In some parts of the universe, the electromagnetic waveform is emitted by stars.

Satellites in space can catch patterns from these stars. Our sun recently revealed its ability to hurl lightening towards the United Kingdom by magnetically bending the Earth’s magnetosphere and letting charged particles run their course through the upper atmosphere.

Researchers from England’s University of Reading realized this was due to the heliospheric magnetic field (HMF). Earth and the sun have magnetic fields that shove one another for their own space. Like siblings fighting for the same land, they both want to occupy a geometry plane found 3 degrees into the equator of the sun where the Earth revolves.

The span of the sun’s magnetic field is superior to the Earth’s. At the times when it influences lightening the most, the sun’s magnetic field is facing away from the Earth. This causes the Earth’s magnetosphere to follow the direction of the HMF, which in turn, causes the magnetic fields protecting the Earth to become thin and even break around global locations.

There is a fascinating thing about the Earth’s position relative to the sun, though. Because the planet revolves around the sun, as opposed to being stationary like the sun, it always has to compensate for the hot and cold dynamics forming on the planet as temperatures change when energy flows in or out by pressure changes. In other words, daytime and night time or simply a rotation. This is what the First Law of Thermodynamics is all about.

Isobars are used in meteorology to define weather patterns. Fred Hafer’s oceanography class at SWC explores how hot temperatures move to a right angle against the cold. On Earth this effect created the conveyor belt system which circulates the ocean currents.

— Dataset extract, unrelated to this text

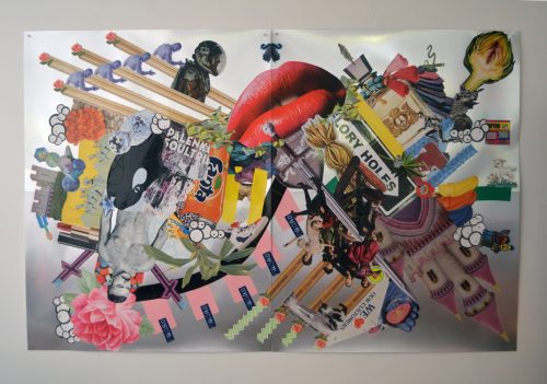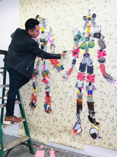 New York based artist Juan Hinojosa collects found objects from everywhere he passes by. A toy snake, a wooden bird, a Good Luck charm, fragments from advertisements and billboards—find their way into his intricate compositions, creating altogether layered sculptural assemblages and intricate two dimensional collages. In both dimensional and flat formats, Hinojosa’s vocabulary is grounded in Pop aesthetics with a tint of Surrealism. Through super vivid colors and elaborate graphic shapes he depicts imaginary worlds where extravagant shrines and hybrid flowery creatures become a convincing presence. When you get closer, you can most likely trace where they came from.
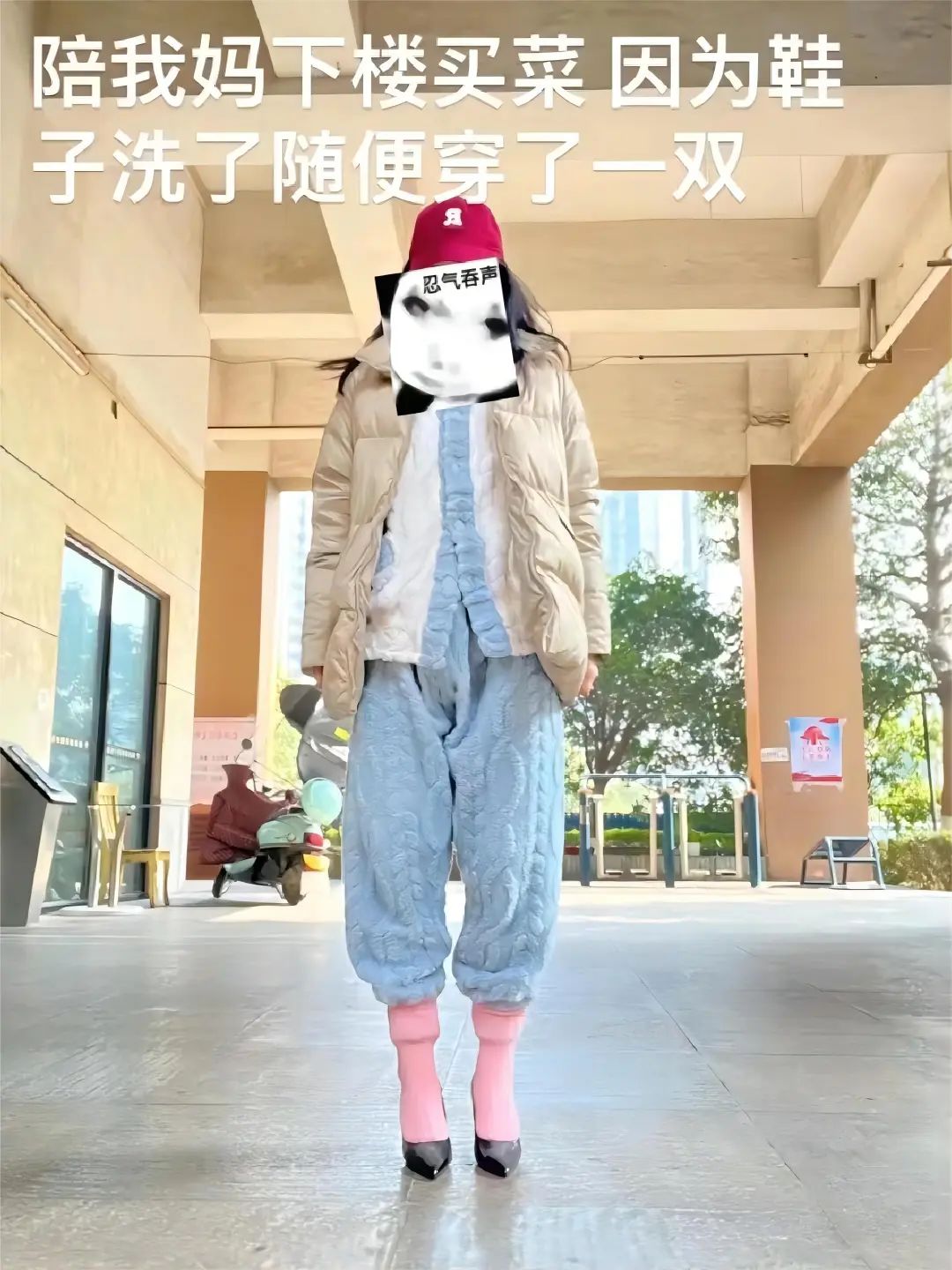 珊瑚绒睡裤或绣着大花的棉裤外穿,套住裤腿的棉袜搭配一双露脚面的高跟鞋或长筒靴;在长睡衣外穿上短羽绒服,与棉洞洞鞋或棉拖鞋一同出场;把一件件能穿上的衣服都套在身上,以至于外套里面是连帽卫衣,卫衣里面是针织外套,针织外套里面是毛衣,毛衣里面是打底衫,而下半身则是裙子里面是睡裤,睡裤里面是秋裤......

Scientists long ago figured out that this natural right angle effect actually creates a spin. Soon after, the vortex was discovered. Modern meteorology was created when the math of all these right angles began making sense about the larger structures in the atmosphere such as currents and storms.

Hot follows cold and the way cold flows dictates how hot follows. In Hinduism, a samsara is to go full circle. In the Marvel universe, Thor takes his hammer by the strap and twirls it in the air. Hurricanes twirl in air and they come with lighting and thunder.

In October, Hurricane Patricia smashed Mexico, Olaf appeared in Hawaii and the islands in Micronesia had a potential typhoon forming at the same time.

At the time of these events, five powerful electromagnetic storms occurred on the equator of the sun. These were caused by sunspot episodes, during a time the Earth is under solar minima, which means the sun had not been producing many sunspots at all. As the coldest areas of the sun, sunspots naturally repel the hot solar surface and jet all the surface energy with a right hook up into the atmosphere, accelerating the energy particles further and faster into space. Any solar activity headed towards the same plane of the Earth increases the likelihood of direct impact.

Unfortunately, if Loki, the evil brother of Thor, had to show up, it would be here. Solar physics can seem counterintuitive within nature. Not everything is what it seems. There are currently no weather models that take into account the geophysical properties of sun along with the data of Earth’s climate and chemistry in real time.  It is a work in progress that dates back to Galileo.

In 2015, National Oceanic and Atmospheric Administration, NASA and U.S. Air Force launched a deep space climate observatory (DSCOVR) satellite operating with sensors facing the sun and the Earth at the same time. It hopes to unlock some mysteries and secrets of our universe…maybe even how Thor’s hammer works.